[Pada usia 18 tahun, di antara para murid muda Sekte Gunung Shu yang memulai perjalanan pengalaman kultivasi, Lin Qingzhi telah mencapai tingkat kelima Alam Inti Emas.]
[Pada usia 19 tahun, tim Gunung Shu tempat Lin Qingzhi bergabung menyelesaikan misi pelatihan mereka. Namun, dalam perjalanan kembali ke Gunung Shu, mereka disergap oleh murid-murid Sekte Iblis.]
[Sebagian besar murid Gunung Shu terbunuh. Lin Qingzhi memperlihatkan kekuatan sejatinya dan, setelah pertarungan sengit, berhasil menyelamatkan dua murid Gunung Shu.]
[Tak lama kemudian, seorang Penatua Sekte Iblis tiba, melacak mereka melalui bau darah. Lin Qingzhi bukan tandingannya dan tewas di tangan Penatua Sekte Iblis.]
[Lin Qingzhi, meninggal dunia.]
[Simulasi berakhir.]
“……”
Lu Changsheng melihat bahwa murid utamanya, yang baru berusia 19 tahun, telah terbunuh oleh seorang Penatua Sekte Iblis.
Jalan kultivasi memang penuh bahaya.
Meski Lin Qingzhi memiliki Hati yang Murni, Urat Roh Bawaan, dan potensi yang nyaris tak terbatas, Takdir Qi-nya ternyata tidak baik—pada perjalanan pertamanya saja, ia sudah bertemu dengan Penatua Sekte Iblis.
Para Penatua dari empat Sekte Iblis besar setidaknya berada di Alam Jiwa Baru, belum lagi monster-monster tua di Alam Istana Dao.
Lin Qingzhi yang berusia 19 tahun baru berada di Alam Inti Emas, jelas bukan lawan seorang Penatua Sekte Iblis.
“Tunggu dulu—bagaimana Sekte Iblis bisa mengetahui rute yang ditempuh para murid Gunung Shu dalam pengalaman kultivasi mereka? Dan bahkan sampai mengerahkan seorang Penatua Sekte Iblis?”
“Sekte Iblis yang mana dari empat besar yang menyergap murid-murid Gunung Shu? Atau mungkinkah keempatnya ikut campur?”
Lu Changsheng tahu bahwa Gunung Shu selalu sangat waspada terhadap empat Sekte Iblis besar.

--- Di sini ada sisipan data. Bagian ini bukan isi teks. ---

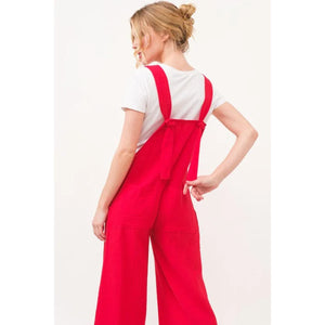 And The Why Gauze Loose Fit Tied Back Overalls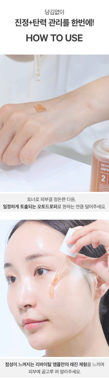 토너로 피부결 정돈 후 일정하게 토출되는 오토드로퍼로 원하는 만큼 덜어주세요. 그 후 점성이 느껴지는 리바이탈 앰플의 레진 제형을느끼며 피부에 골고루 펴발라주시면 된답니다~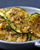 آنها را بپزید به مدت در حدود ۳۰ دقیقه تا وقتیکه پنیر آب شود و کدوها ترد شوند و مراقب باشید که نسوزند.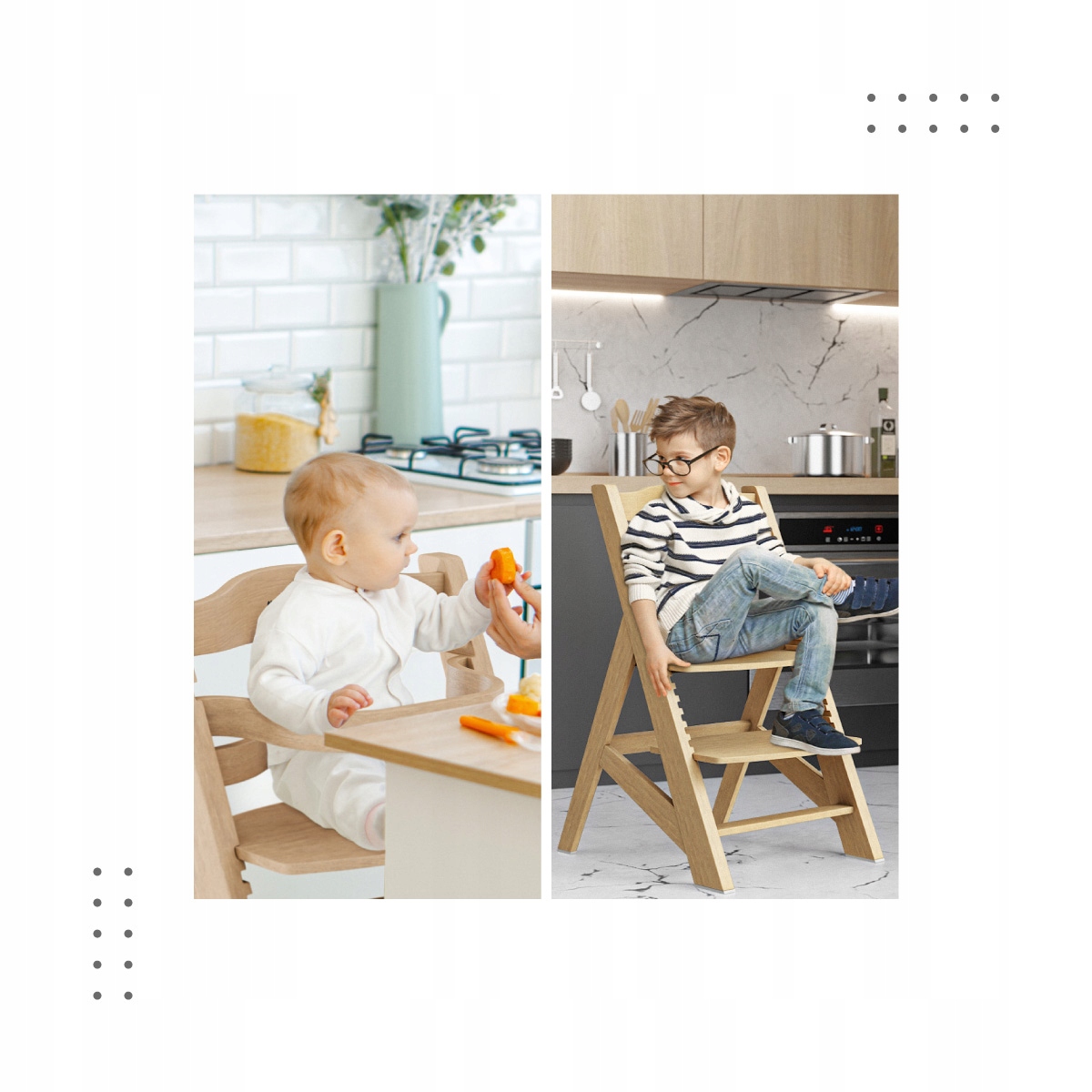- Функциональность стульчика для кормления увеличивается за счет съемного подноса с пластиковая крышка. Это решение гигиенично и предотвращает изменение цвета деревянных подносов.
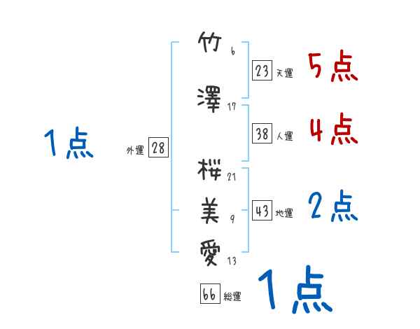 天運![]() | 竹澤桜美愛さんの天運は23画の5つ星!想像力に優れ活力がある。一代で成功し名誉を手に入れる。 家系が持つ宿命的な運勢を表します。祖先から受け継いだ苗字ですので自分の力が及びません。家柄を象徴します。 |
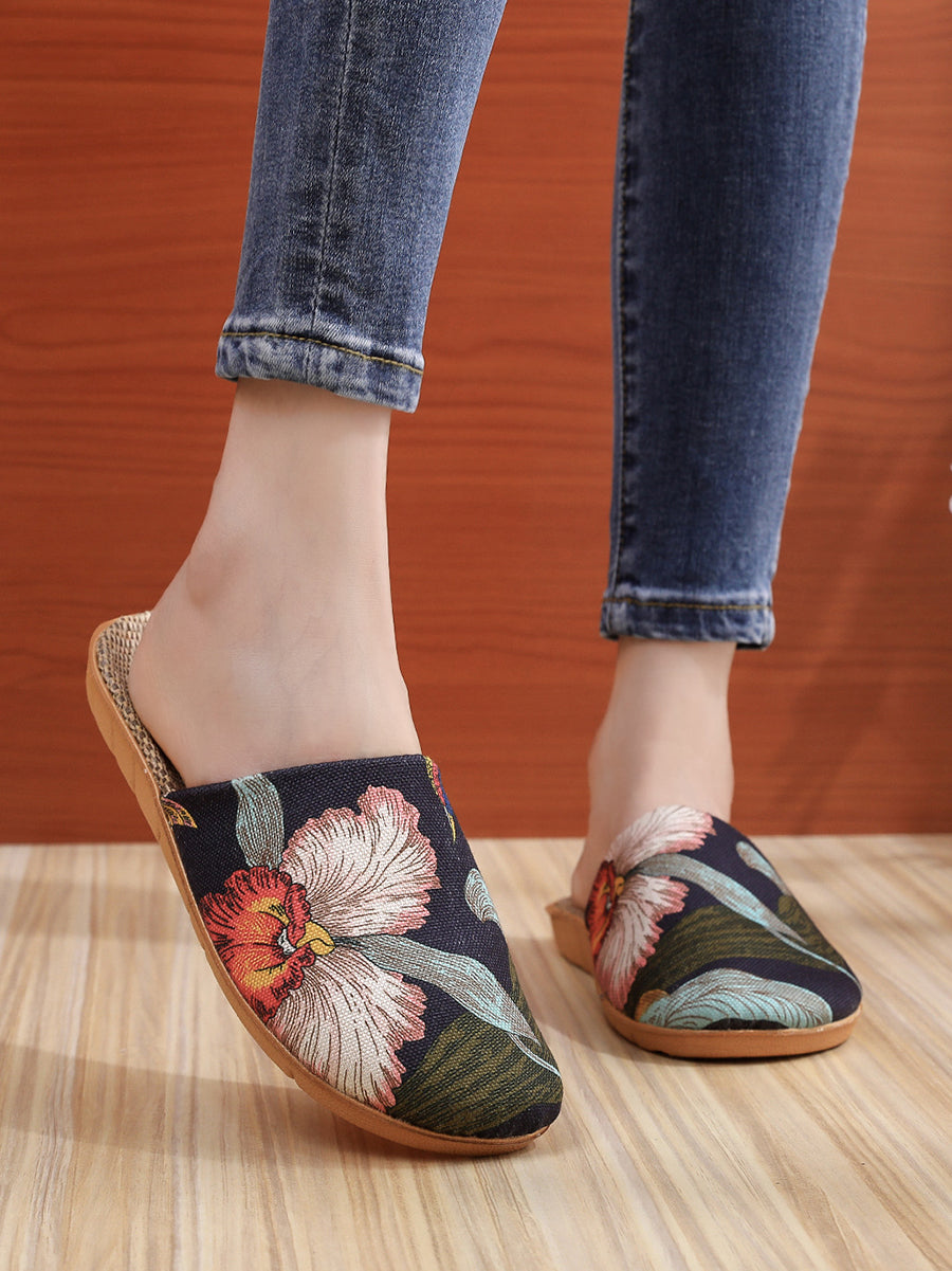 Pantuflas planas de lino con estampado floral vintage para interiores

Misi pengalaman pertama setiap generasi murid Gunung Shu selalu dirahasiakan; para murid akan menyamar sebagai orang fana atau kultivator lepas, lalu dibagi menjadi beberapa tim untuk menjalani pelatihan.
Setiap tim setidaknya dipimpin oleh seorang murid sekte dalam dengan Pencapaian Agung di Alam Inti Emas, atau bahkan seorang Penatua Alam Jiwa Baru, dengan durasi pelatihan satu tahun.
Namun, berdasarkan hasil simulasi, tim tempat Lin Qingzhi berada ternyata dimusnahkan seluruhnya.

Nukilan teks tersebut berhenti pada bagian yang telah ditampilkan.